Профессором он был и для врачей, и для пациентов отнюдь не потому, что въезжал в общение на коне своих званий, – этого он терпеть не мог. Просто в нем, если вы были не слепы и не предвзяты, нельзя было не видеть Профессора. Его лекции были событиями, собиравшими студентов разных курсов и институтов, потому что ему – блестящему педагогу – до самых последних дней психиатрия была бесконечно интересна. «Орел – он думает, что все орлы», – сказал Олжас Сулейменов. Точно так же С.С. Мнухин как бы полагал, что психиатрия интересна всем. Он мог выйти на кафедру, помолчать и сказать: «Я должен был читать лекцию о шизофрении. Но я не буду ее читать». И после долгой паузы: «Я вам прочту поэму о шизофрении». И читал действительно поэму – не в смысле рифмы, конечно, но в смысле глубочайшего проникновения в суть и дух этой «королевы психиатрии». И не было в этом ни капли ломания – просто он делился тем, что в тот день было для него важно (потом понял, насколько важно, – ведь изучение этого расстройства все больше и больше прибирала к рукам всесильная Москва).

Удивителен он был с больными. Ни разу не видел, чтобы его беседы с ними напоминали допрос вместо расспроса. Это были именно беседы двух людей. С его стороны – тонкие и бережные, наполненные искренним интересом не к «охоте за симптомом», а к собеседнику.

Сдав последний госэкзамен, я повстречал Учителя в институтском саду: «В армию призывают? Я вот тоже после института год в кавалерии прослужил… Смешно… Знаете, если хотите быть приличным психиатром, не забывайте о трех вещах. Среди профессоров столько же дураков, сколько в общей популяции. Психиатрии вас больше научит хорошая литература – Толстой, Достоевский, чем учебники. И помните, что диагноз – это еще далеко не весь человек».

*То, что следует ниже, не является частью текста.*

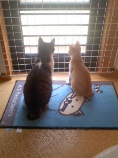 網戸にするともれなくニャンズが集まってきてお外観察。
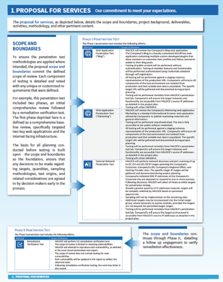 - Scope – Ensure that the scope of the proposed project has been captured accurately, including key information such as the number of IP addresses, testing restrictions (time windows), key delivery dates, any travel requirements, etc. All of these items will usually factor into the price so as the buyer, you want to be sure that the firm correctly scoped the project so that you’re not paying too much and they’re planning to assess your entire scope.

В блокадном Ленинграде он был консультантом военных госпиталей и как-то рассказывал мне об этом, не только о самой работе, но и о пути пешком голодного человека – 3–4 часа туда и столько же обратно – в том числе и сумасшедшими блокадными зимами. На рубеже 40-х и 50-х продолжал принимать у себя на кафедре опального и отовсюду выгнанного академика Л.А. Орбели. Всю жизнь цитировал неврологические работы З. Фрейда. При всем при этом в обычной жизни храбрецом не был и на рожон не лез. Скорее даже склонен был избегать многолюдных собраний, мог долго и тревожно собираться на какую-нибудь конференцию в Москву, а в последний момент остаться дома. Думаю, по этой же причине и книг не оставил – только статьи, но настолько насыщенные, я бы сказал – такого удельного веса, что долго еще вдумчивые психиатры будут находить в них своего рода коды, ключи к многим проблемам.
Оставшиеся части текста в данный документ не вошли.